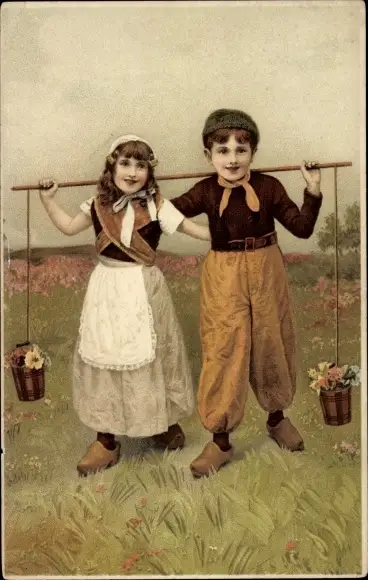 Litho Junge und Mädchen mit Holzschuhen
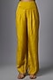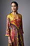 Featuring a mustard yellow kurta in vegan gajji silk base with paisley print and hand embroidery. It is paired with palazzo pants. Accentuate it with dangler earrings and heels for a festive occasion, family gathering or intimate pooja ceremony.
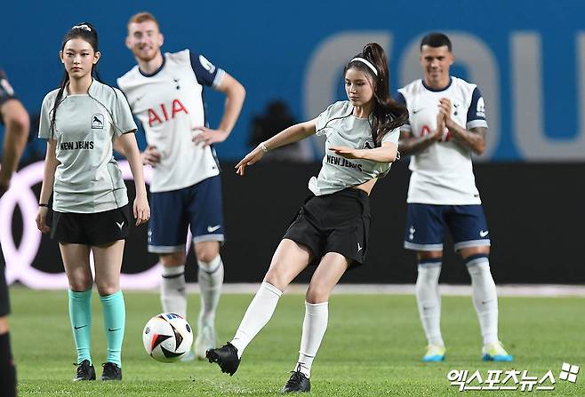 (엑스포츠뉴스 서울월드컵경기장, 박지영 기자) 3일 오후 서울월드컵경기장에서 열린 '2024 쿠팡플레이 시리즈' 토트넘 홋스퍼와 FC 바이에른 뮌헨의 경기에 앞서 그룹 뉴진스 다니엘이 시축을 하고 있다.
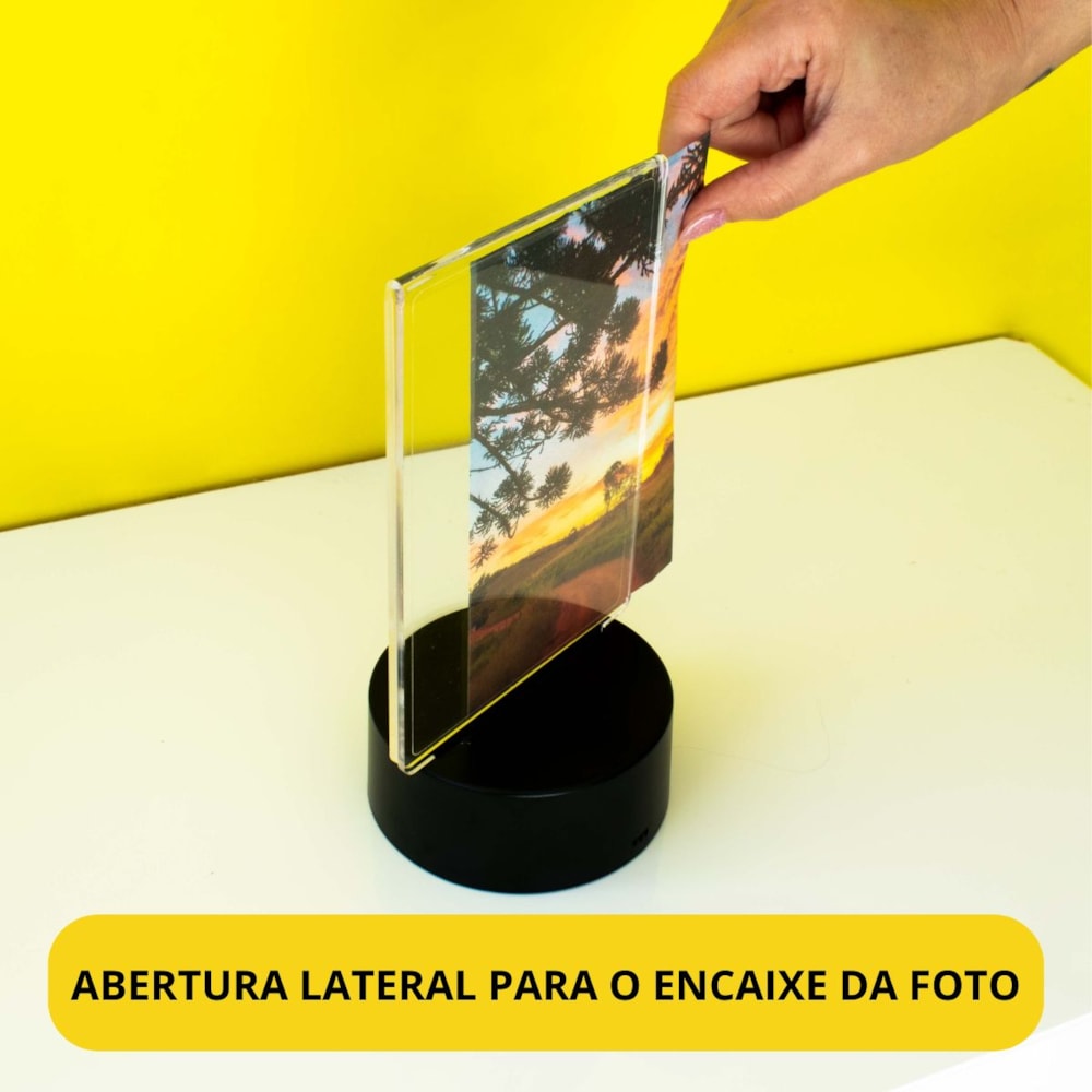 A Luminária de LED para foto veio para iluminar as suas memorias mais felizes, seu porta retrato é para o tamanho de foto 10x15, sua base de LED é preta e possui um controle operacional. Alimentado por 3 Pilhas tipo AA (não inclusa) ou via cabo USB (acompanha a peça) e uma entrada fonte Bivolt
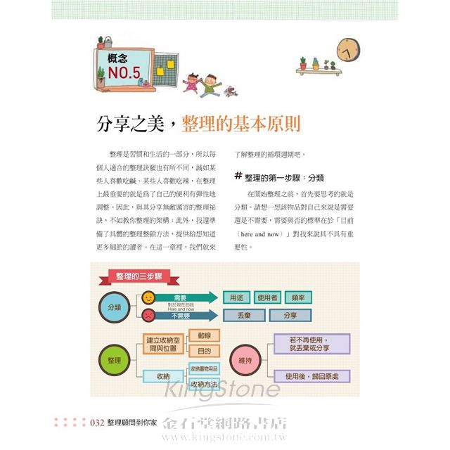 許多人愛讀的暢銷箴言書《小王子》裡,有段關於建立關係的故事。故事透過狐狸告訴我們,人是相互適應的,也就是說,人是活在自己與其他事物間不斷建立的關係中。我不認為這種關係僅是存在於人與人之間而已,我們所使用的許多東西也是與使用者產生關係、相互適應的,因此,為了過有效率有組織的生活,當然得好好調度這些必需之物來為我們服務。現在能了解整理的重要性了嗎?很多人對整理經常有誤解與偏見,抱持「整理不過就是件誰都會做的家務事」的想法,只要聽到整理,就想到打掃家裡或做家事,但是整理真的只是件家務瑣事嗎?

# # # #

* _What is being asked_
Give back exactly the lines running from the one that contains "A Luminária de" to the end of the records, including both of those lines and excluding every picture.

* _Task response_
 A Luminária de LED para foto veio para iluminar as suas memorias mais felizes, seu porta retrato é para o tamanho de foto 10x15, sua base de LED é preta e possui um controle operacional. Alimentado por 3 Pilhas tipo AA (não inclusa) ou via cabo USB (acompanha a peça) e uma entrada fonte Bivolt
 許多人愛讀的暢銷箴言書《小王子》裡,有段關於建立關係的故事。故事透過狐狸告訴我們,人是相互適應的,也就是說,人是活在自己與其他事物間不斷建立的關係中。我不認為這種關係僅是存在於人與人之間而已,我們所使用的許多東西也是與使用者產生關係、相互適應的,因此,為了過有效率有組織的生活,當然得好好調度這些必需之物來為我們服務。現在能了解整理的重要性了嗎?很多人對整理經常有誤解與偏見,抱持「整理不過就是件誰都會做的家務事」的想法,只要聽到整理,就想到打掃家裡或做家事,但是整理真的只是件家務瑣事嗎?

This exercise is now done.